One of the biggest obstacles to making fusion power practical—and realizing its promise of virtually limitless and relatively clean energy—has been that computer models have been unable to predict how the hot, electrically charged gas inside a fusion reactor behaves under the intense heat and pressure required to make atoms stick together.

The key to making fusion work—that is, getting atoms of a heavy form of hydrogen called deuterium to stick together to form helium, releasing a huge amount of energy in the process—is to maintain a sufficiently high temperature and pressure to enable the atoms overcome their resistance to each other. But various kinds of can stir up this hot soup of particles and dissipate some of the intense heat, and a major problem has been to understand and predict exactly how this turbulence works, and thus how to overcome it.

A long-standing discrepancy between predictions and observed results in test reactors has been called "the great unsolved problem" in understanding the turbulence that leads to a loss of heat in fusion reactors. Solving this discrepancy is critical for predicting the performance of new fusion reactors such as the huge international collaborative project called ITER, under construction in France.

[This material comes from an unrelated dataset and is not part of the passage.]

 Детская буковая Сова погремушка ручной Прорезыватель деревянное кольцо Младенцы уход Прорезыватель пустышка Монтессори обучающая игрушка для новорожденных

Now, researchers at MIT's Plasma Science and Fusion Center, in collaboration with others at the University of California at San Diego, General Atomics, and the Princeton Plasma Physics Laboratory, say that they have found the key. In a result so surprising that the researchers themselves found it hard to believe their own results at first, it turns out that interactions between turbulence at the tiniest scale, that of electrons, and turbulence at a scale 60 times larger, that of ions, can account for the mysterious mismatch between theory and experimental results.